• **SOURCE DATA**:

★ ★ ★ ★ ★ ★ ★

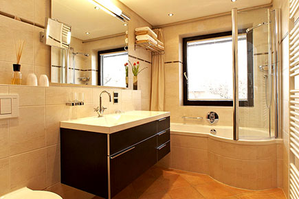 Bad mit WC und kombinierter Dusch / Badewanne. Diele. Zentralheizung.
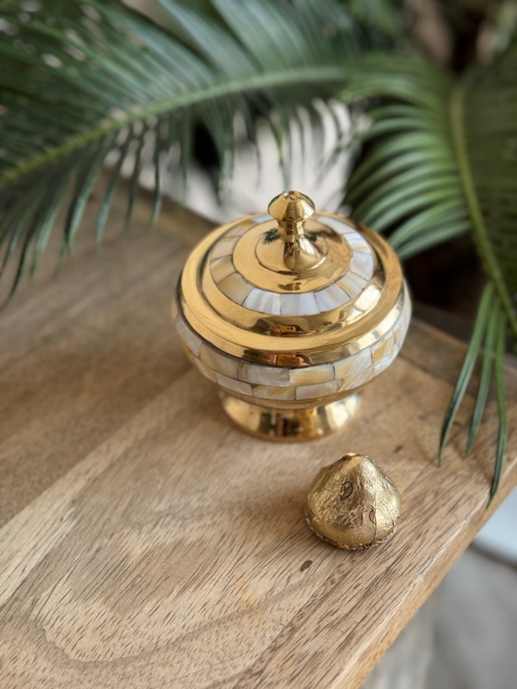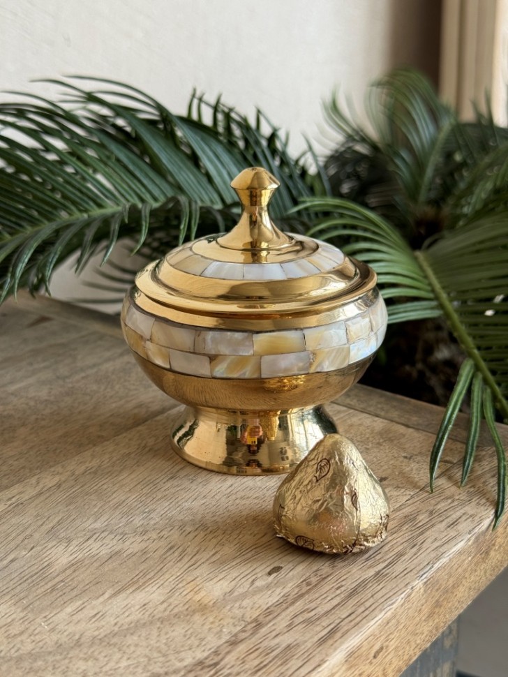 Шкатулка из латуни с традиционным восточным узором. Полированная поверхность подчёркивает тёплый золотистый оттенок латуни. Станет акцентом в интерьере или оригинальным подарком.
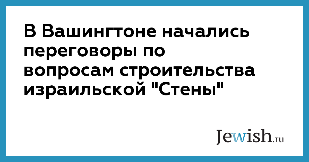 В Вашингтоне начались переговоры по вопросам строительства израильской "Стены"
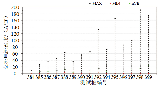 (2)在管道交流干擾峰值的2個(gè)位置采取干擾防護措施,可將全線(xiàn)管道的交流電流密度降至30 A/㎡內,建議在388#和393#測試樁處增加70 m和40 m鋅帶排流措施。

★ ★ ★ ★ ★ ★ ★

• **WHAT IS NEEDED**: Could you restate the material word for word, omitting the pictures?

• **ANSWER TO THIS PROBLEM**:
 Bad mit WC und kombinierter Dusch / Badewanne. Diele. Zentralheizung.
 Шкатулка из латуни с традиционным восточным узором. Полированная поверхность подчёркивает тёплый золотистый оттенок латуни. Станет акцентом в интерьере или оригинальным подарком.
 В Вашингтоне начались переговоры по вопросам строительства израильской "Стены"
 (2)在管道交流干擾峰值的2個(gè)位置采取干擾防護措施,可將全線(xiàn)管道的交流電流密度降至30 A/㎡內,建議在388#和393#測試樁處增加70 m和40 m鋅帶排流措施。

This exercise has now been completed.